**TASK**. From the line containing "L-Akkademja tal-Malti u" through the last line of the records below, output every line exactly as it appears, but leave out the pictures.

..........

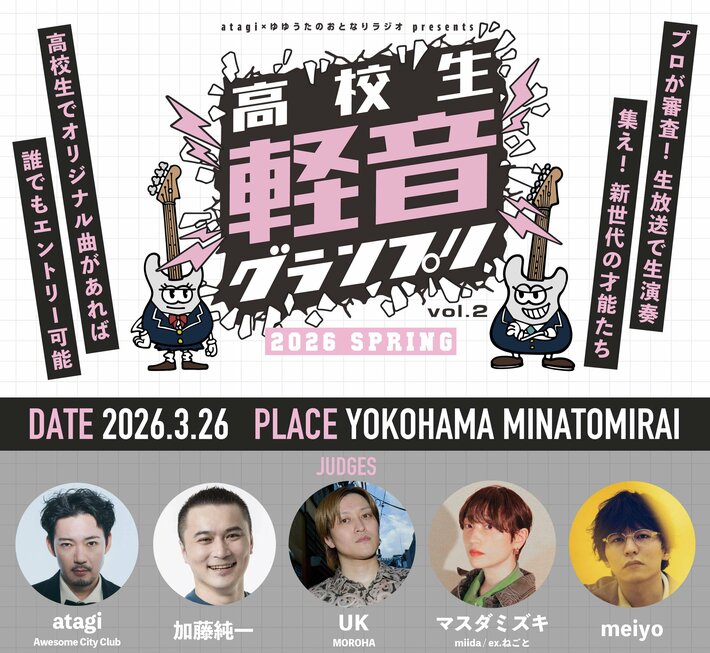 「高校生軽音グランプリ」とは、YouTubeの音楽番組「atagi×ゆゆうたのおとなりラジオ」が主催となる高校生バンドの全国大会。2026年3月26日に横浜みなとみらいで開催される決勝戦では、動画審査で選ばれた高校生バンドがオリジナル曲を生放送で生演奏。プロのミュージシャンらが審査し、高校生No1バンドを決定する。
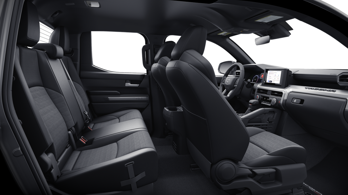 TRD Sport Premium Package (4WD A/T) — includes SofTex®-trimmed seats with heated and ventilated 8-way power-adjustable front seats, leather-trimmed heated steering wheel, 14-in. Toyota Audio Multimedia display, Panoramic View Monitor (PVM), 39 JBL® 30 Premium Audio with JBL® FLEX 31 portable speaker, moonroof, Qi-compatible wireless charging, 46 dual zone automatic climate control, Front and Rear Parking Assist with Automatic Braking (PA w/AB) 38 and Pedestrian Detection, 44prewired auxiliary switches, digital rearview mirror, Integrated Trailer Brake Controller (ITBC), 29 power open/close tailgate, 45 61 Digital Key 16 capability, 400W/120V 1 AC power inverter, and power horizontal rear window
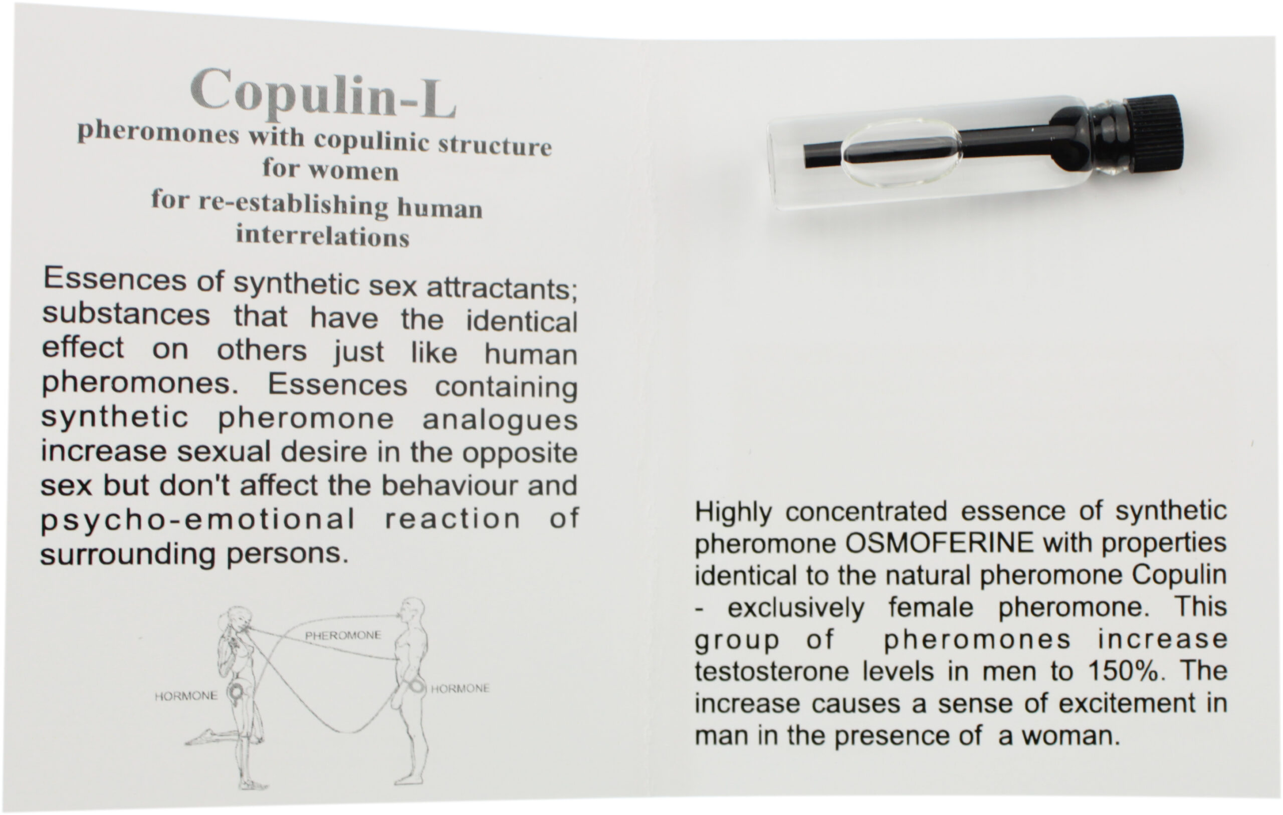 Высококонцентрированная эссенция синтетического феромона ОСМОФЕРИНА, по своим свойствам идентичного натуральному феромону КОПУЛИНУ. КОПУЛИН — исключительно женский феромон. Он выделяется во влагалище в оптимальных соотношениях в течение овуляции
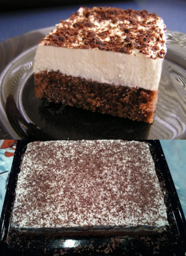 • Preparing the second filling: In a large bowl, whip the whipping cream until stiff. Spread it evenly over the coffee filling and place in the refrigerator overnight so the dessert sets well.
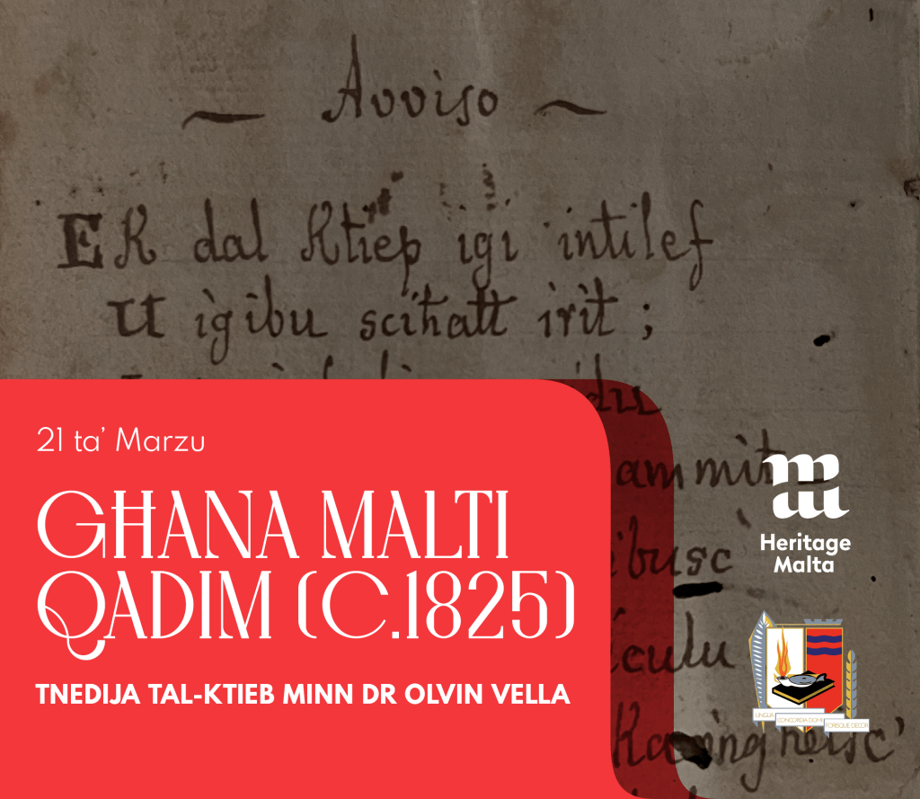 L-Akkademja tal-Malti u Heritage Malta jistednuk għat-tnedija ta’ Għana Malti Qadim (c.1825) ta’ Dr Olvin Vella f’serata li żżewweġ l-istorja tal-lingwa u l-melodija li se ssir nhar il-Ġimgħa 21 ta’ Marzu 2025 fil-Mużew Marittimu ta’ Malta, il-Birgu.
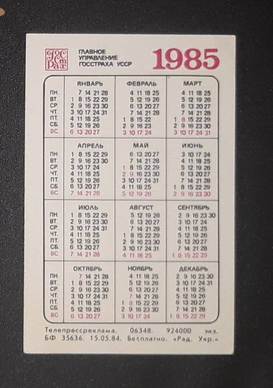 Kalendoriukas CCCP 1985 Draudimas 138
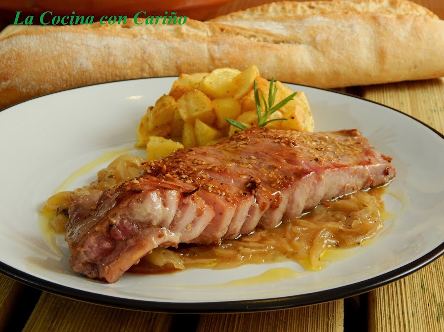 En el plato colocamos una cama de salsa de cebolla y sobre esta, dejamos reposar el atún, un par de minutos antes de comer. Una delicia. Así que, Besos a todas, a todos, Besos a, en fin, muchos besos siempre. Disfrutad.

..........

**TASK OUTPUT**.
 L-Akkademja tal-Malti u Heritage Malta jistednuk għat-tnedija ta’ Għana Malti Qadim (c.1825) ta’ Dr Olvin Vella f’serata li żżewweġ l-istorja tal-lingwa u l-melodija li se ssir nhar il-Ġimgħa 21 ta’ Marzu 2025 fil-Mużew Marittimu ta’ Malta, il-Birgu.
 Kalendoriukas CCCP 1985 Draudimas 138
 En el plato colocamos una cama de salsa de cebolla y sobre esta, dejamos reposar el atún, un par de minutos antes de comer. Una delicia. Así que, Besos a todas, a todos, Besos a, en fin, muchos besos siempre. Disfrutad.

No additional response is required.